Formateurs en négociation sous-payés, missions annulées la veille sans indemnisation, obligations d’exclusivité déguisées, faux statuts d’autoentrepreneurs/micro-entreprises
Tout cela n’a rien d’une simple “dureté du marché”. C’est souvent illégal. Le droit du travail et le droit pénal offrent des armes puissantes : requalification en contrat de travail, redressements, condamnations pour travail dissimulé. Mais isolé, un formateur n’a ni le temps ni les moyens de mobiliser ces règles. D’où l’intérêt d’un syndicat spécialisé, configuré dès le départ pour détecter les abus, les documenter, les attaquer et les utiliser comme levier dans la négociation.
Ce deuxième article explique, de manière très concrète, comment un syndicat de formateurs en négociation peut construire une stratégie complète : diagnostic, requalification, lutte contre le travail dissimulé, contentieux groupés, mais aussi négociation raisonnée avec les organismes pour sécuriser des conditions plus justes.
I – COMPRENDRE LES FAUX INDÉPENDANTS ET LA REQUALIFICATION
1.1. Quand un “indépendant” est en réalité un salarié
En droit français, ce n’est pas l’étiquette “freelance” ou “micro‑entrepreneur” qui compte, mais les conditions concrètes dans lesquelles le travail est réalisé.

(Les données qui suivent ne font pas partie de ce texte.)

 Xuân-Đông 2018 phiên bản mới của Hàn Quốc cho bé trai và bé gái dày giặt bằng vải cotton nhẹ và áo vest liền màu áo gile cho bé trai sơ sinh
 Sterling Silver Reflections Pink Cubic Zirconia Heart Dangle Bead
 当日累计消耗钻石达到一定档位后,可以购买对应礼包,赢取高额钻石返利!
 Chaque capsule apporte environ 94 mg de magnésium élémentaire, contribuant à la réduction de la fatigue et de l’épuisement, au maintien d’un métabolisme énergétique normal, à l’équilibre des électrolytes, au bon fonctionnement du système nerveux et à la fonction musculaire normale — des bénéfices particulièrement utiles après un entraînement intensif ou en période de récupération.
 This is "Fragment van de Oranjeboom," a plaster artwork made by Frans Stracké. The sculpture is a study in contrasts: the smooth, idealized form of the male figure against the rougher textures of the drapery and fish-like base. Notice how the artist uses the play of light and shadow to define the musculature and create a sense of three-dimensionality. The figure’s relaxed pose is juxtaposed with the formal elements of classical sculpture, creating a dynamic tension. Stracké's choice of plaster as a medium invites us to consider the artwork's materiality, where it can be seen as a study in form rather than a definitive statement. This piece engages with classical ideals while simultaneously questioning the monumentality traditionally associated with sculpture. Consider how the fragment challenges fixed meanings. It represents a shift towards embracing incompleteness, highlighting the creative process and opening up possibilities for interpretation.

Classiquement, trois éléments définissent le contrat de travail :
- une prestation de travail ;
- une rémunération ;
- un lien de subordination juridique : pouvoir de donner des ordres, de contrôler l’exécution et de sanctionner les manquements.
Chez beaucoup de formateurs en négociation, on retrouve :
- un planning imposé par l’organisme ;
- des contenus et supports imposés ;
- des comptes‑rendus à fournir, des évaluations à suivre ;
- un tarif non négociable, fixé unilatéralement ;
- parfois même des réunions obligatoires, des procédures à respecter au détail près.

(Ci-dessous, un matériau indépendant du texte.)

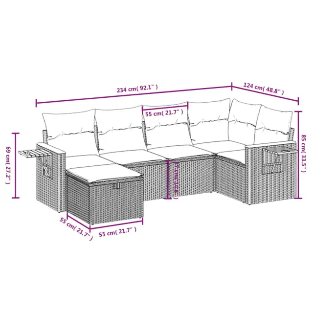 Ta vrtna sedežna garnitura je popoln dodatek za vaše dvorišče, teraso ali verando, saj zagotavlja udoben in vabljiv prostor za klepet z družino in prijatelji ali preprosto za sprostitev in uživanje na prostem. Vzdržljiv material: PE ratan, znan tudi kot poli ratan, je močan sintetični material, ki zahteva malo vzdrževanja in je videti kot naravni ratan. Je lahek, enostaven za čiščenje in se zaradi svoje vzdržljivosti in odpornosti na vremenske vplive pogosto uporablja za zunanje pohištvo.Udobno sedenje: To zunanje pohištvo z debelo oblazinjenimi blazinami zagotavlja udobno sedenje.Prevleko je mogoče odstraniti in oprati: Te sedežne blazine imajo odstranljive prevleke za lažje pranje in vzdrževanje.Robusten in stabilen okvir: Prašno barvan jekleni okvir zagotavlja, da je vrtno pohištvo močno in stabilno za vsakodnevno uporabo na prostem.Modularna zasnova: Ta komplet zunanjega pohištva ima modularno zasnovo, zaradi česar je popolnoma prilagodljiv in enostaven za premikanje, tako da lahko zunanjo garnituro postavite kakor koli želite. Dobro je vedeti:Če želite, da vaše zunanje pohištvo ostane lepo, vam priporočamo, da ga zaščitite z vodoodporno prevleko.Maksimalna nosilnost (na sedež): 110 kgUV-odpornoPotrebno sestavljanje: DaKotni sedež:Barva: Mešano bežMaterial: PE ratan, jeklen okvir s prašnim premazomDimenzije: 62 x 62 x 69 cm (Š x G x V)Velikost sedeža: 55 x 55 cm (Š x G)Višina sedeža, merjena od tal: 37 cmSrednji sedež:Barva: Mešano bežMaterial: PE ratan, jeklen okvir s prašnim premazomDimenzije: 55 x 62 x 69 cm (Š x G x V)Velikost sedeža: 55 x 55 cm (Š x G)Višina sedeža, merjena od tal: 37 cmKavč z naslonjali za roke:Barva: Mešano bežMaterial: PE ratan, jeklen okvir s prašnim premazomDimenzije: 61,5 x 62 x 69 cm (Š x G x V)Velikost sedeža: 55 x 55 cm (Š x G)Višina sedeža, merjena od tal: 37 cmVišina naslonjal za roke od tal: 55 cmStolček za noge:Barva: Mešano bežMaterial: PE ratan, jeklen okvir s prašnim premazomDimenzije: 55 x 55 x 37 cm (Š x G x V)Velikost sedeža: 55 x 55 cm (Š x G)Višina sedeža, merjena od tal: 37 cmBlazina:Barva: Svetlo sivaMaterial prevleke: Tkanina (100 % poliester)Polnilo sedežne blazine: PenaPolnilo hrbtne blazine: bombažna vlaknaDimenzije sedežne blazine: 55 x 55 x 3 cm (Š x G x D)Dimenzije hrbtne blazine: 55 x 45 x 13 cm (D x Š x D)Paket vsebuje:1 x Kotni sedež2 x Sredinski sedež2 x Kavč z naslonjali za roke1 x Stolček za noge7 x Hrbtna blazina6 x Sedežna blazina s snemljivo pralno prevleko 3265518
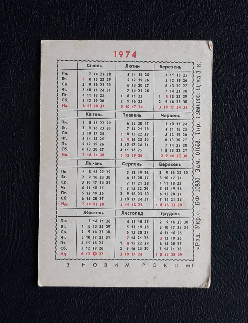 Kalendoriukas CCCP 1974 Taut.rūbai 018-3 Muzika
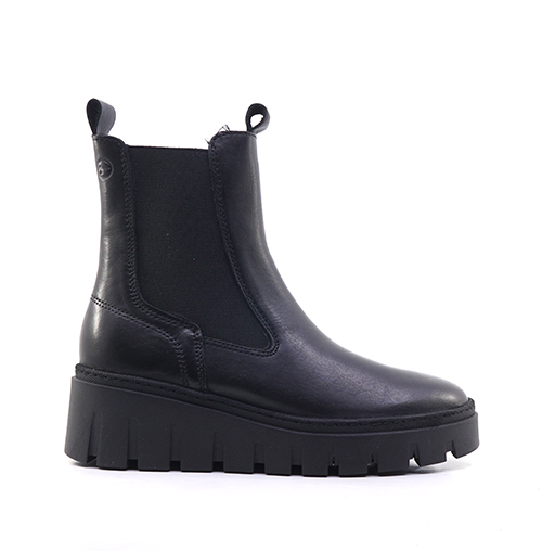 Γυναικεία μποτάκια Tamaris από δέρμα σε μαύρο χρώμα, ελαστική σόλα και τακούνι 5,5cm. Η αντιολισθητική σόλα και το σταθερό τακούνι υπόσχονται ασφάλεια και σταθερότητα σε κάθε σας βήμα.
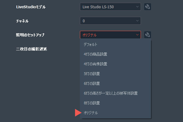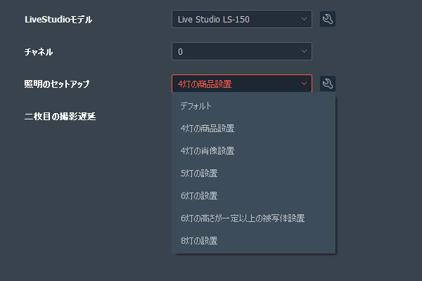 - メニューの戻ったあと、「照明のセットアップ」のプルダウンから、作成したテンプレートを指定します
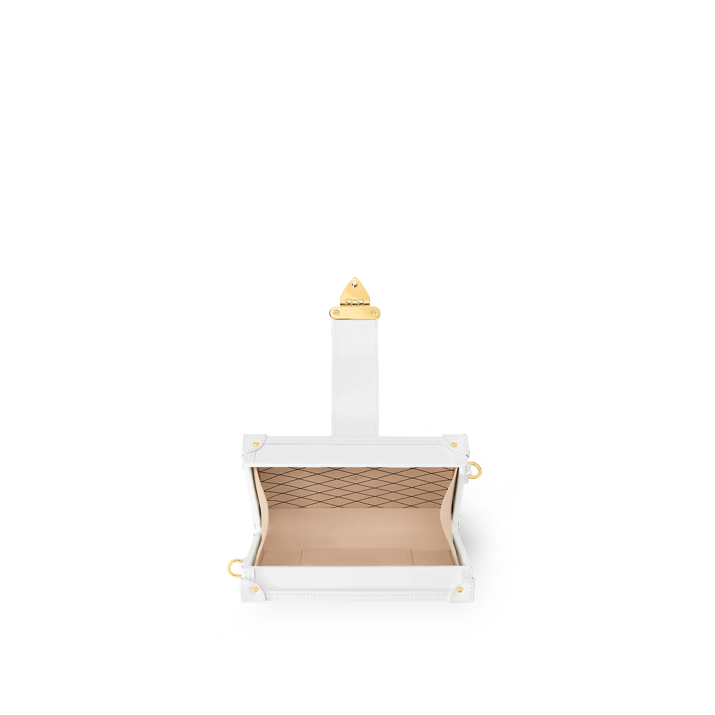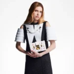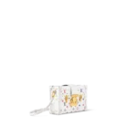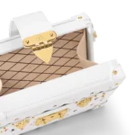 The Petite Malle Tricolore is made from white lambskin with a Monogram in red. white. and blue. the colors of the French flag. The gold-color S-lock and clasps and white cowhide-leather trim complete Nicolas Ghesquière’s celebration of the House’s French heritage. It can be carried like a clutch or with its removable and adjustable strap.
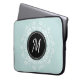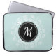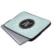 Trendy laptop sleeve with mint blue floral wreath and personalised monogram.
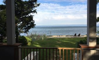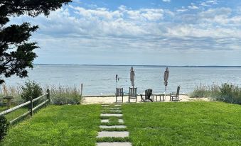 Bayfront three bedroom cottage just steps from the water, with panoramic views of the Peconic Bay. The property sleeps six and has a beautiful outdoor living space for guests to enjoy. Swimming, kayak and paddle board on your very own beach, or walk to a town beach with lifeguard supervision. The house is equipped with central air, hardwood floors and washer/dryer, and towels.

Dès lors que le formateur est intégré dans un service organisé et placé sous ce type de contrôle, le lien de subordination est fortement présumé, même s’il émet des factures et qu’il possède un numéro SIRET.
Exemple concret
Un formateur en négociation commerciale travaille depuis trois ans pour le même organisme. Tout est géré par la plateforme interne : dates, contenus, supports, évaluations. Il ne fixe jamais les tarifs, n’a pas de clients propres et doit assister à des réunions hebdomadaires. Malgré un statut affiché de “micro‑entrepreneur”, tous les indices convergent : en droit, il est salarié.
1.2. La requalification : un outil central de la protection syndicale
Quand les indices montrent que le formateur est en réalité salarié, l’enjeu est la requalification du contrat commercial en contrat de travail.

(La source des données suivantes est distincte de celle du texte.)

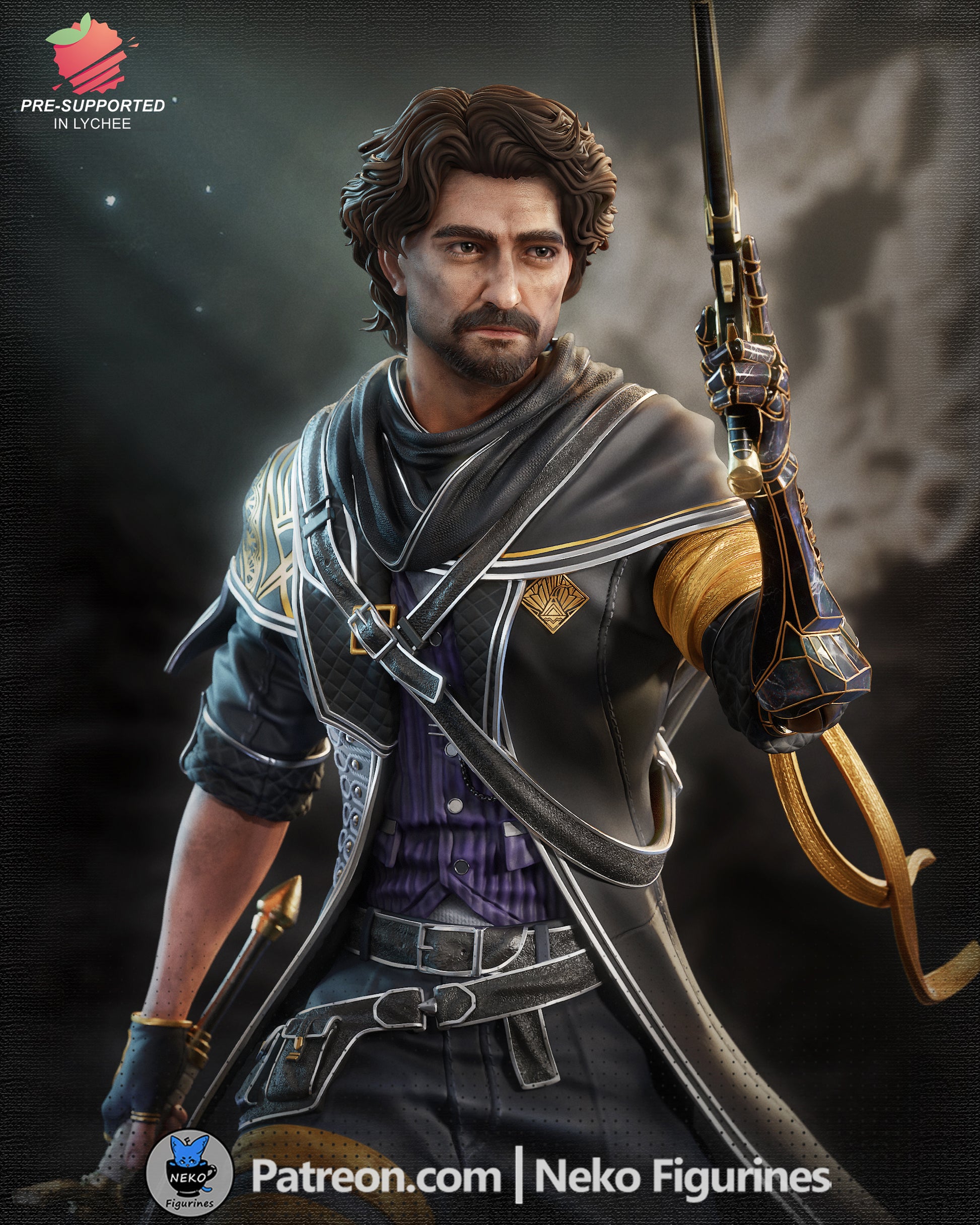 Detailed 1:7 scale collectible of Gustave from Expedition 33, posed with a long sword and ornate pistol atop rocky terrain. Features 26 modular parts, intricate clothing folds, and dynamic stance. Ideal for display or painting, capturing this steampunk-inspired hero in stunning detail.

Cette requalification peut être demandée :
- devant le conseil de prud’hommes (pour le formateur) ;
- dans le cadre de contrôles URSSAF (pour les cotisations sociales) ;
- parfois même en parallèle d’une procédure pénale pour travail dissimulé.
Les conséquences sont majeures :
- paiement des salaires manquants (rappels de congés payés, heures, primes…) ;
- régularisation des cotisations ;
- reconnaissance d’une ancienneté ;
- application de la convention collective.
Pour un formateur seul, l’idée d’un procès peut faire peur : coûts, durée, pression. Le syndicat a alors un rôle clé pour mutualiser les risques :
- aide à l’analyse de la situation ;
- mise en relation avec des avocats spécialisés ;
- constitution de dossiers types ;
- soutien psychologique et organisationnel.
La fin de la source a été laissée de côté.